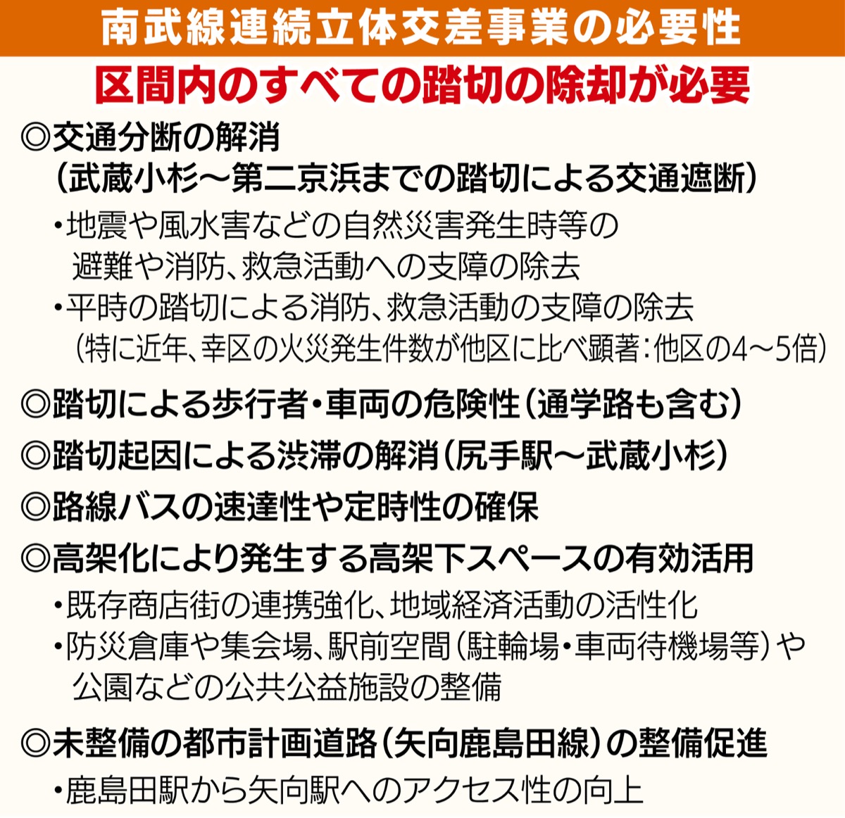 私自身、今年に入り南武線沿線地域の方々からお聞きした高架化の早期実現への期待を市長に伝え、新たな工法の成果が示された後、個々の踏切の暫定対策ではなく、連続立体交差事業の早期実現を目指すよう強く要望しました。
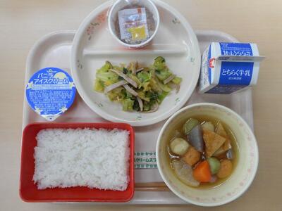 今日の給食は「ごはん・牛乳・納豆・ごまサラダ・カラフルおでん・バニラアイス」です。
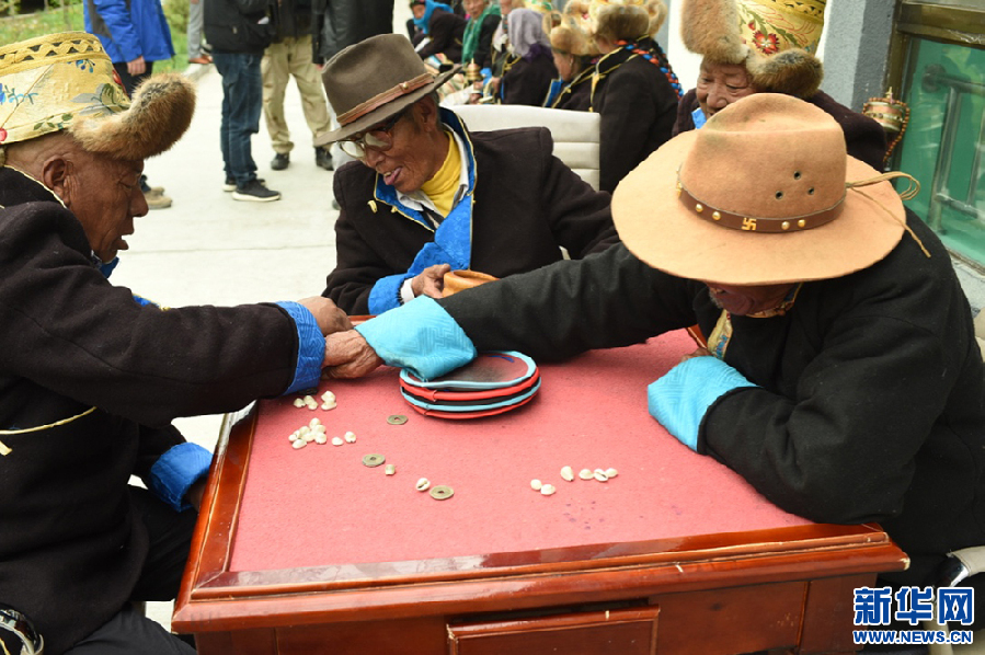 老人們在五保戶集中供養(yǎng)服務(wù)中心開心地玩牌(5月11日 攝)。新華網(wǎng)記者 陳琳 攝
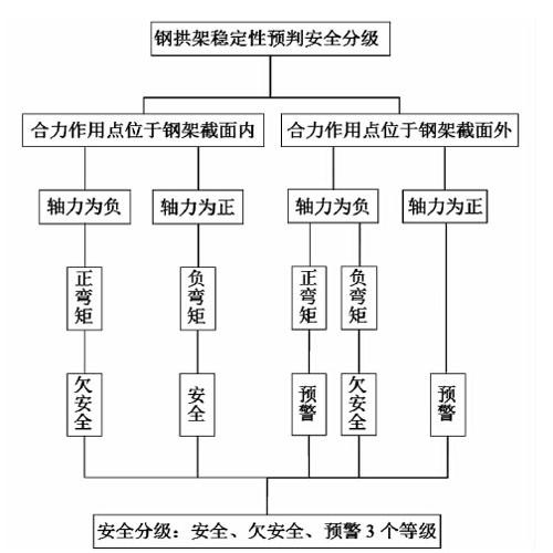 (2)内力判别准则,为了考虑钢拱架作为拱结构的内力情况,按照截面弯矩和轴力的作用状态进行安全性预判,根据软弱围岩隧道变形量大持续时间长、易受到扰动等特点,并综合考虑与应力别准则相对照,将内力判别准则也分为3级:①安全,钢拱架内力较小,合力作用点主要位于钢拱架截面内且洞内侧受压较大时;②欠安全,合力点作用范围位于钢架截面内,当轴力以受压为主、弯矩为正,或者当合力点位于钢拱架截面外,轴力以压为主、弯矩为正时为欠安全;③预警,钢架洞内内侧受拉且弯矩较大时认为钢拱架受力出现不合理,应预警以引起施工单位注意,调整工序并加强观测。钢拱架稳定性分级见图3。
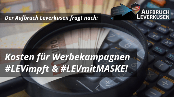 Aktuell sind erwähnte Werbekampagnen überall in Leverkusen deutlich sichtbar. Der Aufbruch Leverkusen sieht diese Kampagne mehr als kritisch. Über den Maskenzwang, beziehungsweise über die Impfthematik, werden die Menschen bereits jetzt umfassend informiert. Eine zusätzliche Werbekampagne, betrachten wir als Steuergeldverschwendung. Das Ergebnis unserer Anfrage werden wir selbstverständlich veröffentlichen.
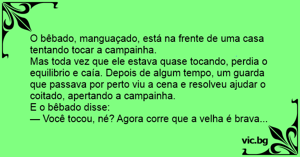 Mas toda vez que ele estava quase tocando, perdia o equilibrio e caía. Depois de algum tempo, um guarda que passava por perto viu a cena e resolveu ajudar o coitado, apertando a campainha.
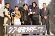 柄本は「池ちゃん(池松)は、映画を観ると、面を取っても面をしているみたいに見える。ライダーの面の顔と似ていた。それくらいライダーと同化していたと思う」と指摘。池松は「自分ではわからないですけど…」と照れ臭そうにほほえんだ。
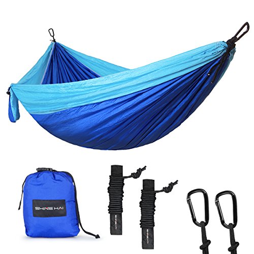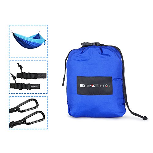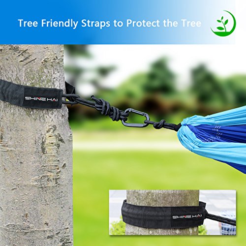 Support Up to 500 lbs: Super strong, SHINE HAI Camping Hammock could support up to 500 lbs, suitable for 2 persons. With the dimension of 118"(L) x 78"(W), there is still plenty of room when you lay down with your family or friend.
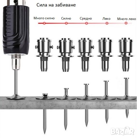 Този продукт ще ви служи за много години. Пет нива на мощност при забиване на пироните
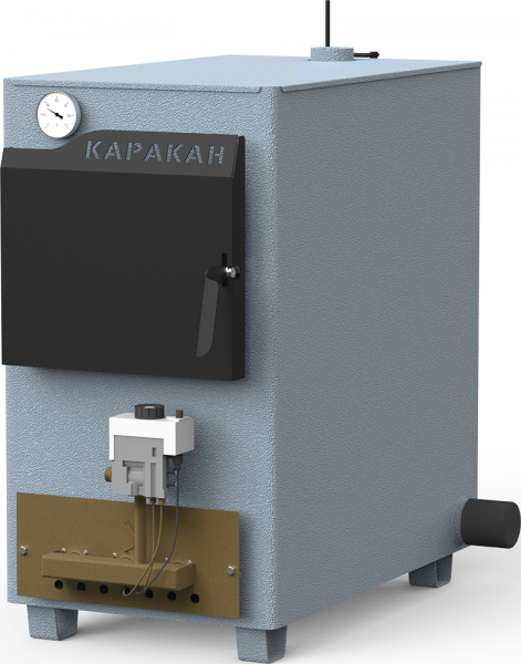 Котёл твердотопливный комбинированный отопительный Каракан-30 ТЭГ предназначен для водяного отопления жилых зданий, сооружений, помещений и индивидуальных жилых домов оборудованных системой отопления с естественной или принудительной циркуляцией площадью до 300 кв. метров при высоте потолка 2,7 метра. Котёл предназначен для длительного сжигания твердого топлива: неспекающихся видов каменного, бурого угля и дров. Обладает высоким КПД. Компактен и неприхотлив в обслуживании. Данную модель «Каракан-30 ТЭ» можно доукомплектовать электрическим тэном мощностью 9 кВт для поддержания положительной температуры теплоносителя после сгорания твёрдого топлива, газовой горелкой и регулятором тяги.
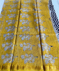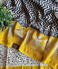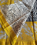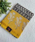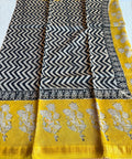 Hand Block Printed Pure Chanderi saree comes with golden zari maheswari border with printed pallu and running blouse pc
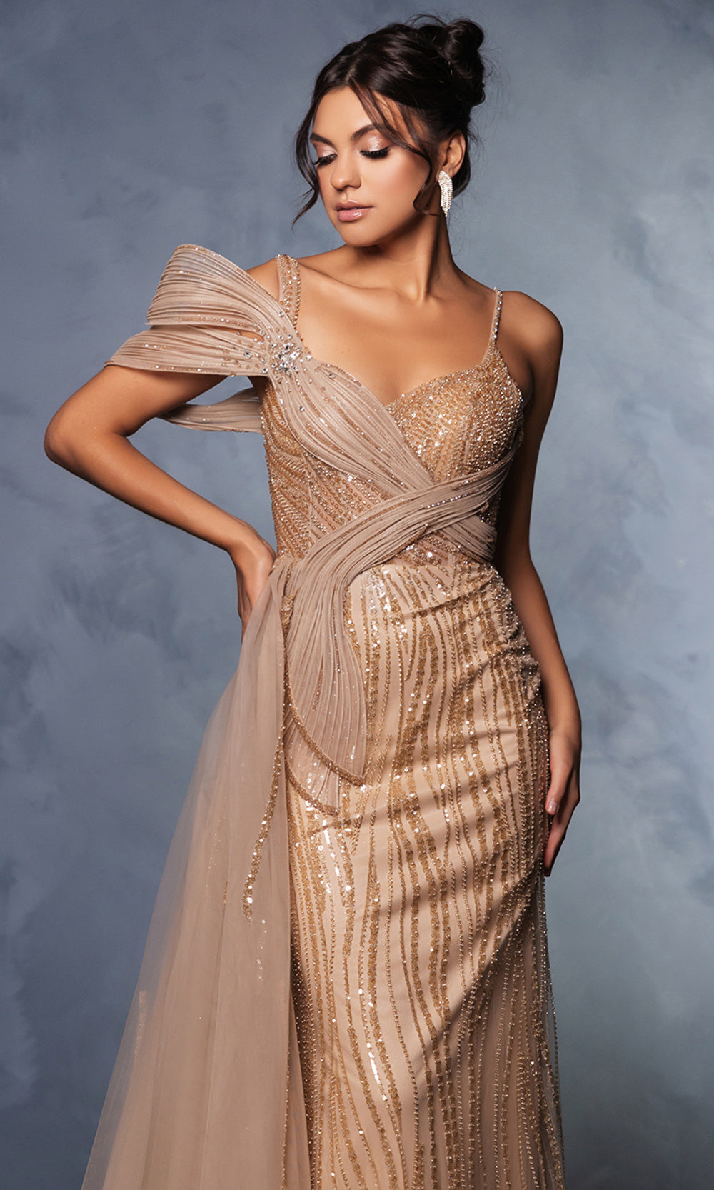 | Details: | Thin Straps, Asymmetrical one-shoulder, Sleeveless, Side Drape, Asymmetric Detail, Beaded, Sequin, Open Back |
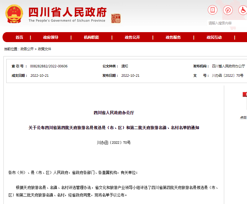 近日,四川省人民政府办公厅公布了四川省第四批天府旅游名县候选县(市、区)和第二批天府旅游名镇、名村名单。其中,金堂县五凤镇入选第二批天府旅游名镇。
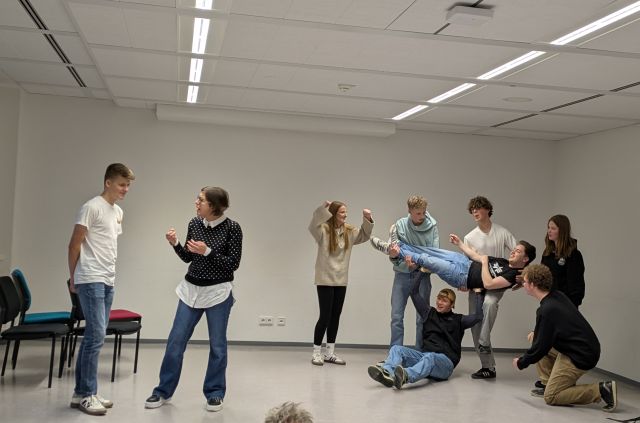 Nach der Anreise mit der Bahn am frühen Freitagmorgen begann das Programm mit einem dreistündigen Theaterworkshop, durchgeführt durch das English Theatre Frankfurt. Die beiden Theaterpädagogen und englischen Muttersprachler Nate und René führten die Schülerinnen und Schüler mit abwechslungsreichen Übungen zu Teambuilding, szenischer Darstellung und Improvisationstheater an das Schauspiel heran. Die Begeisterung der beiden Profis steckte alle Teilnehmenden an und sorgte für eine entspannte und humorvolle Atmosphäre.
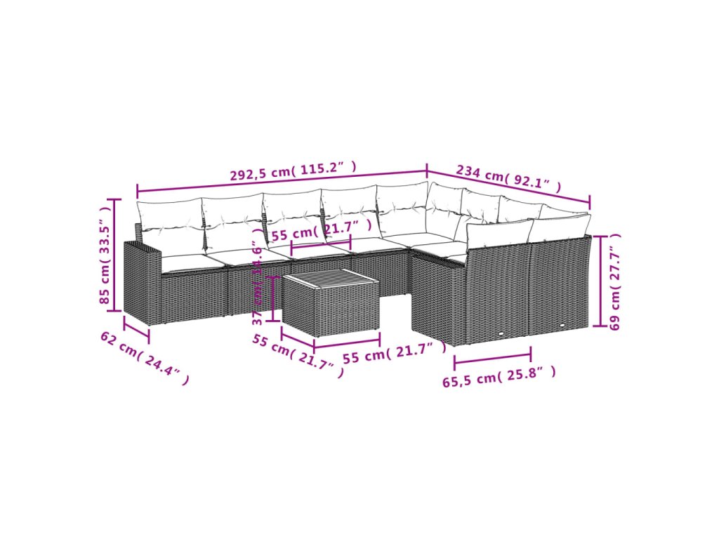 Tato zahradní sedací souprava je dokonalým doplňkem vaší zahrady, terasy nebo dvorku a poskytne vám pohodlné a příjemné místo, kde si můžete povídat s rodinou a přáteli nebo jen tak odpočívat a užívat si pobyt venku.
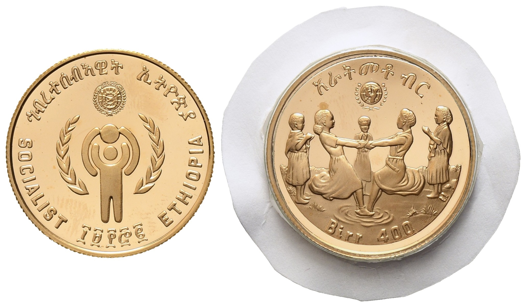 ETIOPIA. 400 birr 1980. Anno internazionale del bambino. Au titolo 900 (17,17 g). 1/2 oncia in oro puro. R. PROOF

____

GOAL OF THE EXERCISE: Each line above that falls between the line with "Open Back |" and the line with "近日,四川省人民政府办公厅公" should be printed exactly, together with those two lines, but the pictures should not.

ANSWER TO THE PROBLEM:
 | Details: | Thin Straps, Asymmetrical one-shoulder, Sleeveless, Side Drape, Asymmetric Detail, Beaded, Sequin, Open Back |
 近日,四川省人民政府办公厅公布了四川省第四批天府旅游名县候选县(市、区)和第二批天府旅游名镇、名村名单。其中,金堂县五凤镇入选第二批天府旅游名镇。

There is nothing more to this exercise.